L’Austria è uno dei Paesi leader dell’industria del turismo invernale, vanta 7mila 200 km di piste in 435 comprensori sciistici, di cui 9 su ghiacciai, e ha vissuto in pieno l’emergenza del Covid-19 con la ben nota vicenda relativa a Ischgl. Ancora oggi, il sito ufficiale del turismo austriaco austria.info/it presenta con il titolo inequivocabile “L’Ibiza delle Alpi” gli atout del carosello bianco di Ischgl, arcinoto per le piste della Silvettra Arena e per l’après-ski: “Un rito che è nato proprio qui per essere poi imitato in tutte le Alpi. Ecco perché, dopo lo sci, per tutto l’inverno centinaia di persone si accalcano a ballare ancora con gli scarponi ai piedi, per poi proseguire fino a notte fonda nelle discoteche di tendenza”. Sic. Tra fine febbraio e l’inizio di marzo, del comprensorio Paznaun Ischgl è esploso un picco di contagi che si è subito esteso dalla Germania all’Islanda.

Lo stop sanitario alla stagione primaverile scorsa, è già costato 650mila euro di perdite all’Associazione turistica locale, e il governo austriaco si è precipitato a garantire nuovi finanziamenti di 2 milioni e mezzo alla Tourismusverband Paznaun Ischgl, anche per rilanciare l’immagine e preparare adeguatamente impianti e strutture ricettive all’auspicata nuova era post-covidica.

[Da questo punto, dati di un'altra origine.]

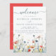 Dieses Design zeichnet sich durch eine lebendige Wildblumen in Rot-, Gelb-, Grün-, aquamarin- und Blautönen aus. Ideal für lässige Hochzeiten.
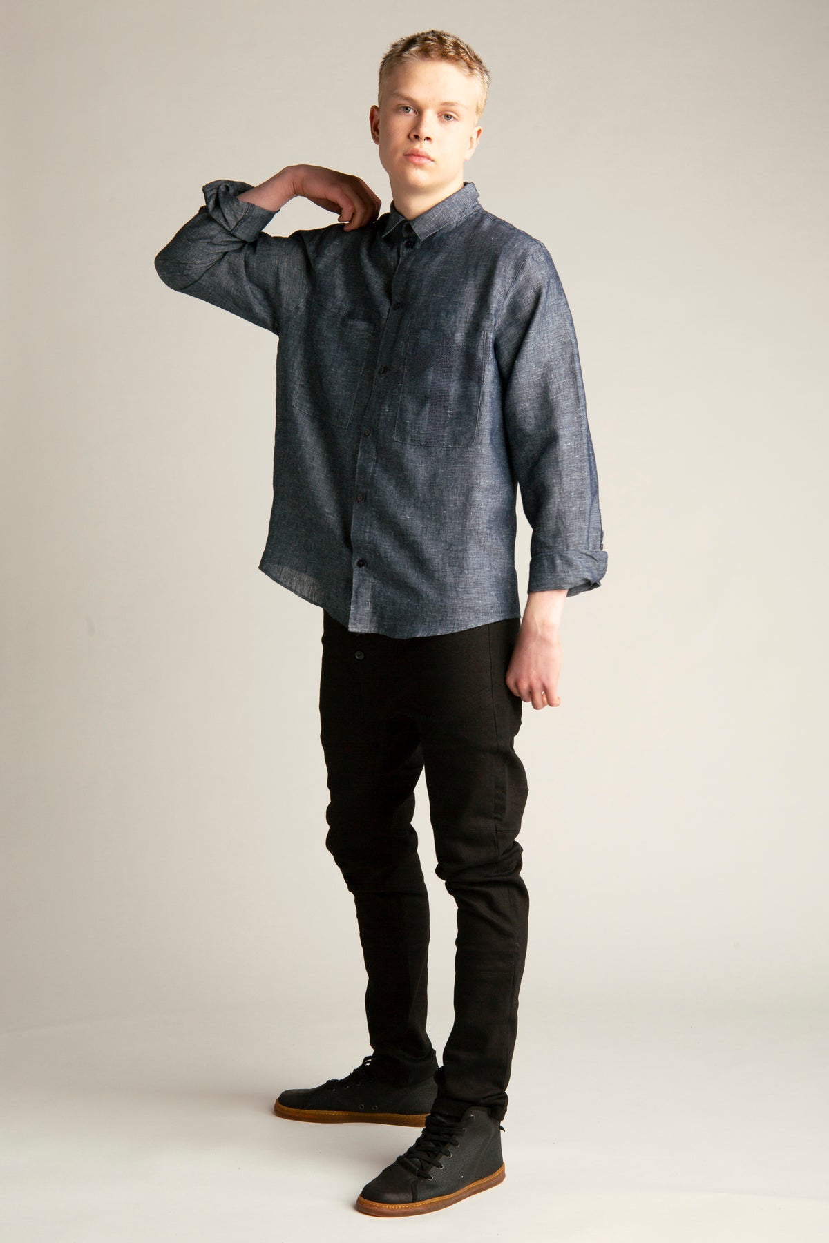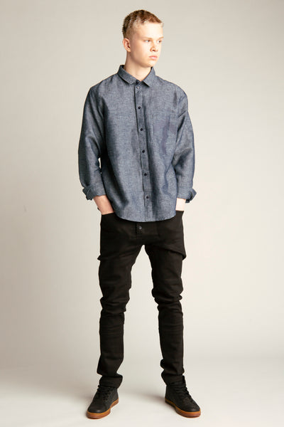 Long sleeve cotton-linen blend shirt with 2 chest pockets.
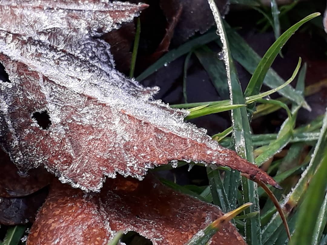 It wasn’t a noticeable frosty morning but there were, however, lots of frosty leaves by the bench alongside the meadow path. I couldn’t resist photographing them. By the time I left the bench the frost had all melted away.
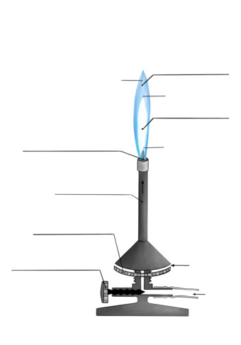 Das Bild verdeutlicht den Aufbau eines Bunsenbrenners. Variante: eine Flamme, farbig; unbeschriftet. Es gelten die Nutzungsbedingungen der Mediothek und Pixiothek.
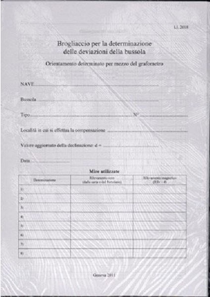 Brogliaccio per la determinazione delle deviazioni della bussola – Orientamento determinato per mezzo del grafometro – (blocco 10 fogli)
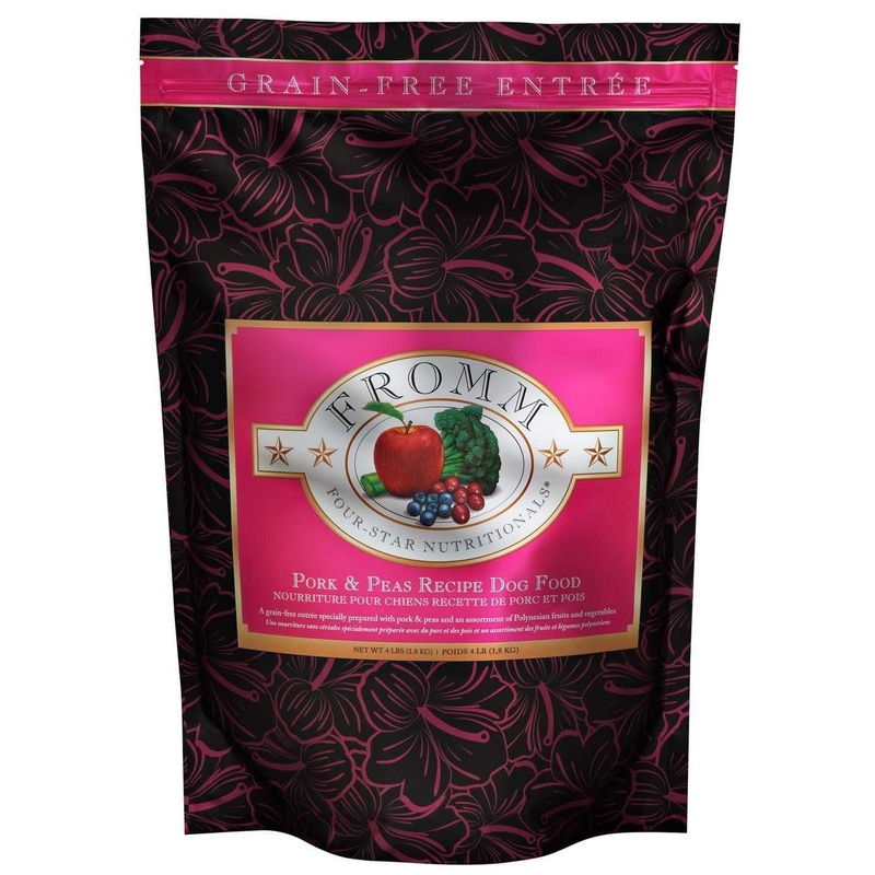 Fromm Four-Star Pork & Peas Recipe Dog Food is a Polynesian-style entre of pork and peas combined with an assortment of fresh, handpicked vegetables and fruits. This artisan recipe provides complete and balanced nutrition for dogs of all ages and, for variety, can be alternated with other Fromm Four-Star recipes.
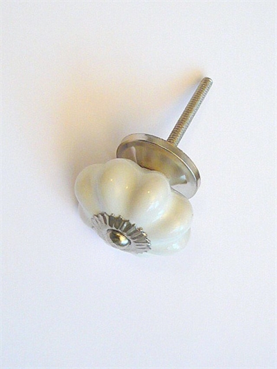 Hvid porcelænsknop m. riller og forkromet metal, stor.
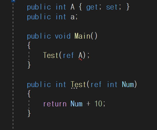 프로퍼티를 ref 한정자를 이용하여 인수로 넘기면 '속성 또는 인덱서는 out 또는 ref 매개 변수로 전달할 수 없습니다' 라는 오류를 낸다.
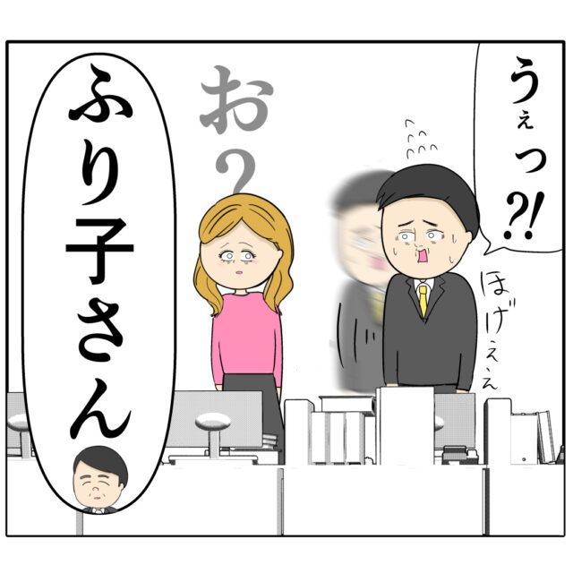 「うぇっ!?」と驚く良し男さんに軽蔑の眼差しを向けるふり子さん。そのとき、ふり子さんに気付いた部長が「ふり子さん」と声をかけました。

Ma incombe una ‘class action’ del movimento dei consumatori austriaci sul ritardo colposo nella chiusura degli impianti e della località, con richieste di risarcimento molto ponderose, cui hanno aderito più di duemila sciatori, tra cui molti tedeschi, tornati da Ischgl con il Covid.

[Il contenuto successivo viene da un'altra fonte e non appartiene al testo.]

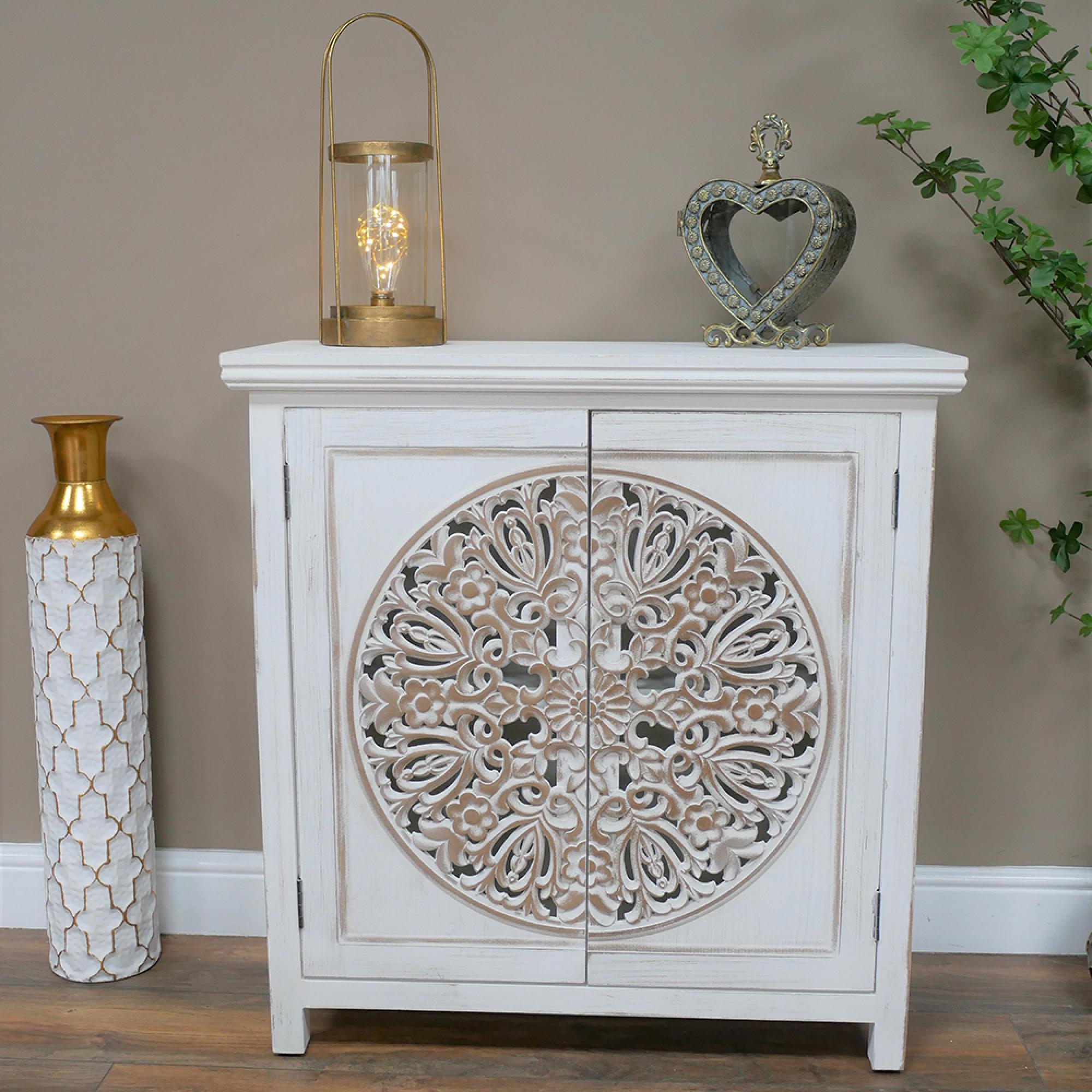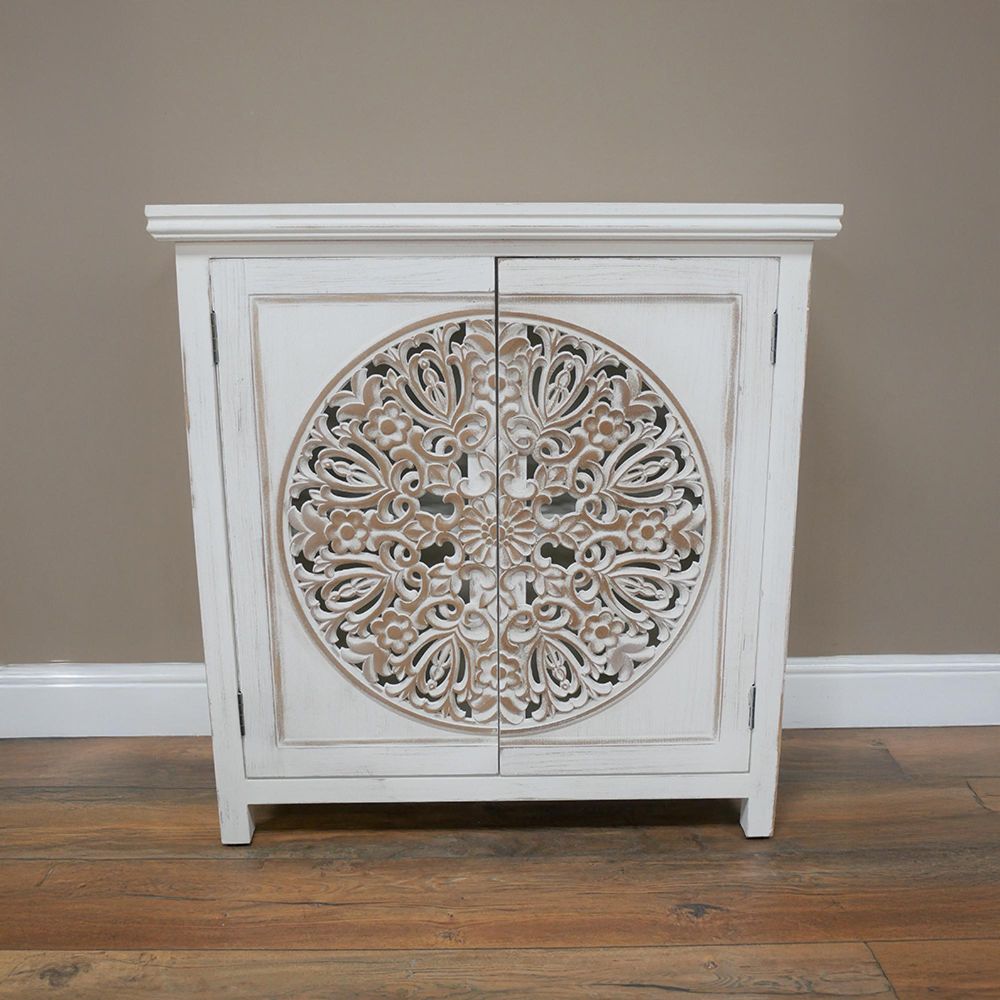 Cabinet - 2 Door - Small - Whitewashed Carved Mango Wood

Foto: l’avvocato Alexander Klauser e il presidente dell’associazione per la tutela dei consumatori Peter Kolba annunciano una causa collettiva contro le autorità regionali del Tirolo per inadempienza ai loro doveri di salute pubblica, in seguito all’epidemia di coronavirus nella stazione sciistica di Ischgl – 23 settembre 2020 (AP Photo / Ronald Zak)

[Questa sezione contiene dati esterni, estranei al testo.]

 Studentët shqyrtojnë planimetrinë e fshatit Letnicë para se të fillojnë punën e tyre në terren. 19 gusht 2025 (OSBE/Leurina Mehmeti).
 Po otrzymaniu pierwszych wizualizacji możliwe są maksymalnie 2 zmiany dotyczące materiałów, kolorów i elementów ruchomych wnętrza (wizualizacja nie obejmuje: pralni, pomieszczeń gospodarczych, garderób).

L’ente sanitario austriaco AGES ha fatto addirittura trapelare la notizia – smentita nell’arco di poche ore – che un’accurata analisi del cosiddetto ‘Cluster S Ischgl’, avrebbe identificato il paziente zero in una cameriera svizzera (e non, come si era detto, nel barista austriaco di un locale tra i più frequentati per il dopo-sci, il Kitzloch). Indicazione alquanto maliziosa, dato che sul Silvretta si collegano direttamente gli impianti svizzeri del comprensorio di Samnaun in Bassa Engadina. In Italia non sembra aver provocato cause del genere l’ostinazione con cui hanno voluto tenere aperti fino all’ultimo comprensori di zone ad altissimo contagio, come Foppolo in val Brembana (tanto poi ha dichiarato fallimento e ancora non si sa bene con quale imprenditore riaprirà).

L’altra questione delicatissima è stata messa bene a fuoco, in un’intervista con il portale dell’informazione regionale meinbezirk.at, dal presidente della TVB Paznaun Ischgl, Alexander von der Thannen: “Partiamo dal presupposto che il maggior rischio d’infezione provenga dai nostri dipendenti, che sono circa tremila e 800 solo nella valle e devono essere testati prima di entrare in contatto con gli ospiti. Al momento non è nemmeno prevedibile se i dipendenti dall’Europa orientale potranno venire, anzi, per esempio, dalla Repubblica Ceca è vietato”. Un analogo problema per l’agricoltura in Alto Adige, dopo la difficile estate che ha visto gli albergatori lamentare la carenza di manodopera soprattutto dell’Est Europa, era stato risolto con l’invenzione della ‘quarantena fiduciaria al lavoro’: così il consueto stuolo di contadine romene ha potuto eseguire comunque la raccolta dell’uva e delle mele.

Al di là delle considerazioni morali, rinchiudere i raccoglitori di frutta migranti nel luogo di lavoro per quindici giorni, se provengono da Paesi interdetti a causa della pandemia, non sembra che sia servito a contenere il Covid nella provincia di Bolzano, tra le più colpite dalla seconda ondata. Insomma, non c’è nessun protocollo di sicurezza che oggi possa affrontare tutte queste criticità, e che un bilancio pubblico debba accollarsi i rischi connessi è tutto da dimostrare.